Get-MgDomainFederationConfiguration -DomainId $DomainName
The returned object should reflect the brand name, issuer URI, and certificate that were supplied. This confirms only that the configuration object exists; complete step 4.5 to verify that authentication works end to end.
4.5 Verify the sign in end to end.
- In a fresh private (incognito) browser window on a device that is registered with CSE and passes the web policy, go to
https://www.microsoft365.comand sign in with a pilot user from the federated domain who is not in the Staged Rollout group. Confirm that Entra redirects to CSE, the device check passes, Entra completes any MFA required by Conditional Access, and the sign in succeeds. - Repeat from a device that is not registered with CSE (or that fails the web policy) and confirm that CSE blocks the sign in.
- In the Microsoft Entra admin center, review the sign-in logs for the pilot user and confirm that both attempts appear with the expected results.
Sessions persist. Federation is evaluated only at sign in. Users who are already signed in keep their existing Entra sessions and refresh tokens until they expire or are revoked, so an already signed in tester sees no redirect to CSE (a false negative), and devices that fail CSE policy are not cut off immediately after federation. Always test in a fresh private session.
4.6 Roll back if needed.
To revert the domain to managed authentication and remove the federation:
Update-MgDomain -DomainId $DomainName -AuthenticationType Managed
Remove-MgDomainFederationConfiguration -DomainId $DomainName -InternalDomainFederationId <id>
The federation configuration ID is returned by Get-MgDomainFederationConfiguration.

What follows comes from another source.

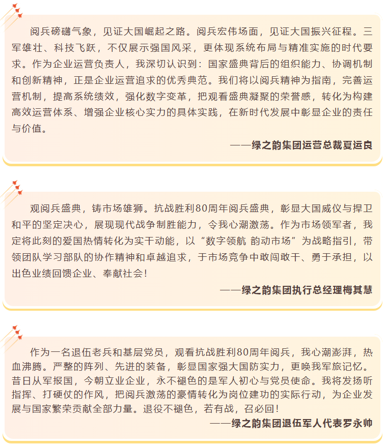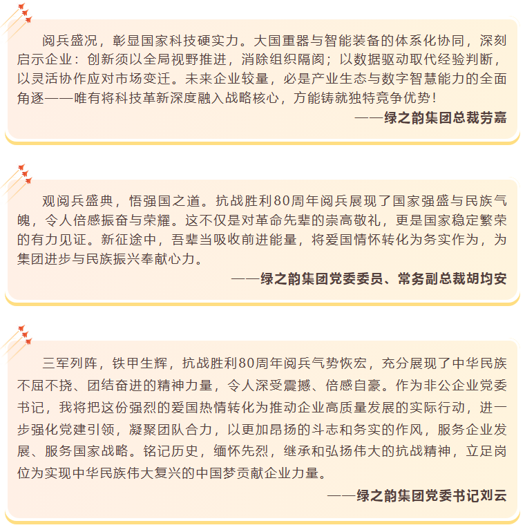 致敬偉大勝利,汲取奮進(jìn)力量。綠之韻集團(tuán)董事長(zhǎng)胡國(guó)安在觀看閱兵儀式后表示,閱兵儀式展現(xiàn)的大國(guó)風(fēng)范和民族精神,正是綠之韻22年來砥礪前行的力量源泉。站在歷史與未來的交匯點(diǎn),我們要更加深刻認(rèn)識(shí)到企業(yè)發(fā)展與國(guó)家命運(yùn)息息相關(guān)。觀看閱兵儀式是一次深刻的愛國(guó)主義教育和精神洗禮,抗戰(zhàn)精神是企業(yè)發(fā)展不可或缺的精神財(cái)富。通過此次觀閱活動(dòng),希望全體綠之韻人要進(jìn)一步汲取歷史智慧、錘煉政治品格,將閱兵儀式所展現(xiàn)的團(tuán)結(jié)奮進(jìn)、自強(qiáng)不息的精神轉(zhuǎn)化為推動(dòng)企業(yè)創(chuàng)新發(fā)展的實(shí)際行動(dòng)。未來,綠之韻集團(tuán)將繼續(xù)深化黨建與企業(yè)發(fā)展同頻共振,引領(lǐng)公司在新時(shí)代征程中踐行社會(huì)責(zé)任、展現(xiàn)企業(yè)擔(dān)當(dāng),為實(shí)現(xiàn)中華民族偉大復(fù)興貢獻(xiàn)力量。

Rollback is not instantaneous. Converting a domain back to managed can take up to two hours to complete, and users must have usable cloud credentials for managed sign in to work afterward. Enable password hash synchronization before federating, or plan to assign new passwords to affected users as part of the rollback.

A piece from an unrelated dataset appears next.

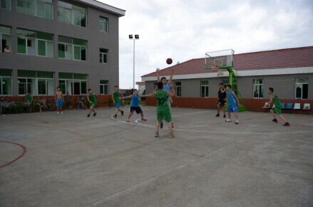 參觀后,一場軍民籃球賽隨即激烈上演。雙方球員本著“友誼第一,比賽第二”的原則,在賽場上奮力拼搏、積極進(jìn)攻、全力防守、默契配合,共同為在場觀眾奉獻(xiàn)了一場精彩的比賽,最后比分為87:83,天信隊(duì)以微弱的優(yōu)勢勝出。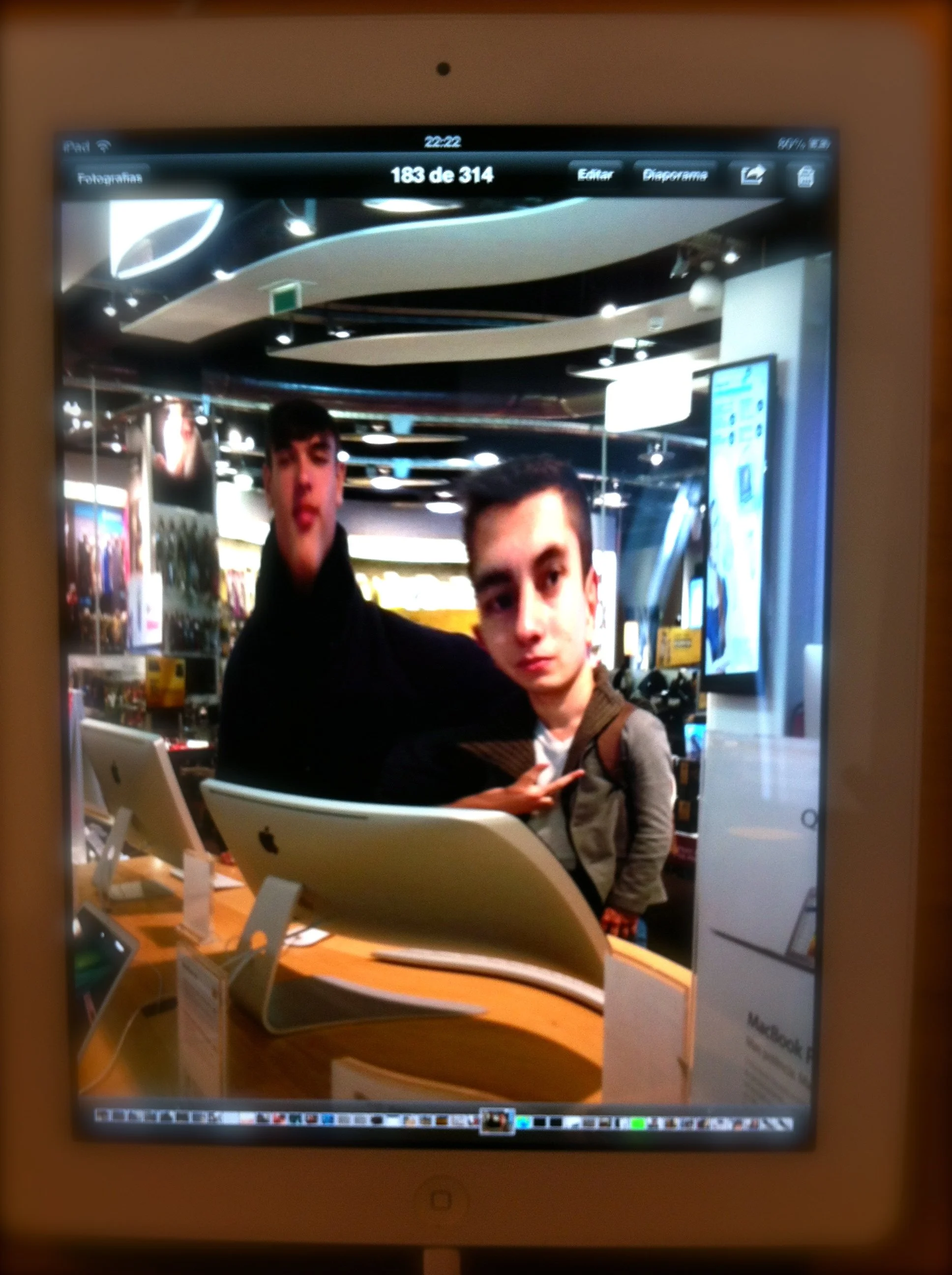 [ENG] The human being seeks eternity. And in this quest, there are people who try to perpetuate their existence in the memory of the gadgets on display in technology stores. Somewhat creative people who, when handling an iPad for the first time, can't resist photographing themselves and their surroundings. To our delight, the photos remain on the devices. And so the iPad Virgins "project" was born, an archaeological incursion into retina screens to keep the desire for eternity from dying. And to have a laugh.

Required Microsoft Graph permissions
The admin who runs the cmdlets must consent to one of the following delegated Graph scopes:
Domain-InternalFederation.ReadWrite.All(least privileged; limited to domain federation configuration)Domain.ReadWrite.All
Either scope alone is sufficient for the federation configuration changes in this guide. If Connect-MgGraph returns insufficient privileges, request administrator consent for the scope from the Entra admin center, or run Connect-MgGraph while signed in as a Global Administrator who can grant consent during the prompt.
References
- Microsoft Learn, New-MgDomainFederationConfiguration.

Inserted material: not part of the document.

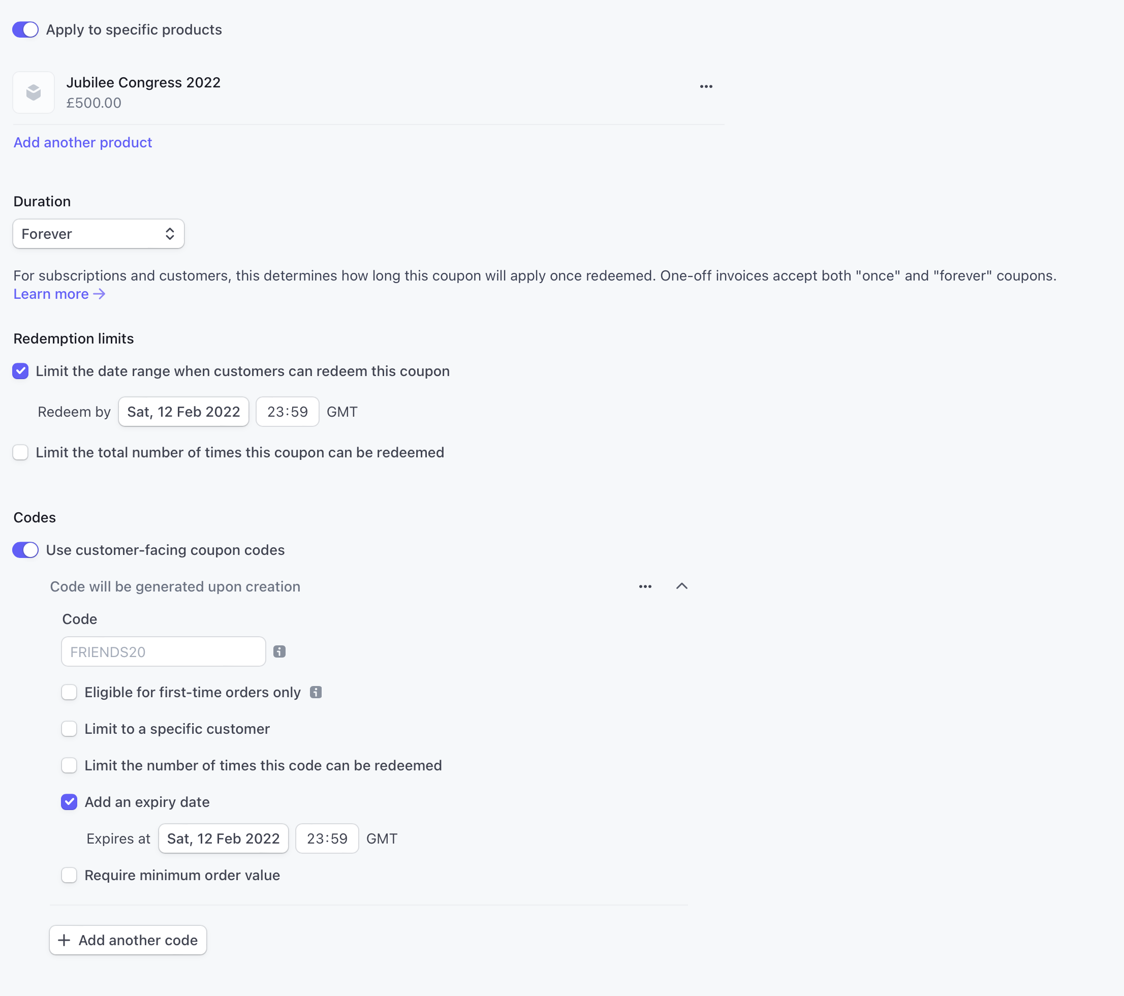 6. Create the customer-facing coupon code and add  an expiry date. Your coupon should look like  this:

- Microsoft Learn, Update-MgDomainFederationConfiguration.
- Microsoft Learn, internalDomainFederation resource type.
- Microsoft Learn, Manage emergency access admin accounts.
- Microsoft Learn, Microsoft Entra Connect: Cloud authentication via Staged Rollout.
- Microsoft Learn, Migrate from federation to cloud authentication in Microsoft Entra ID.
- Microsoft Learn, Use a SAML 2.0 identity provider for single sign on.
- Microsoft Learn, Federation with SAML/WS-Fed identity providers.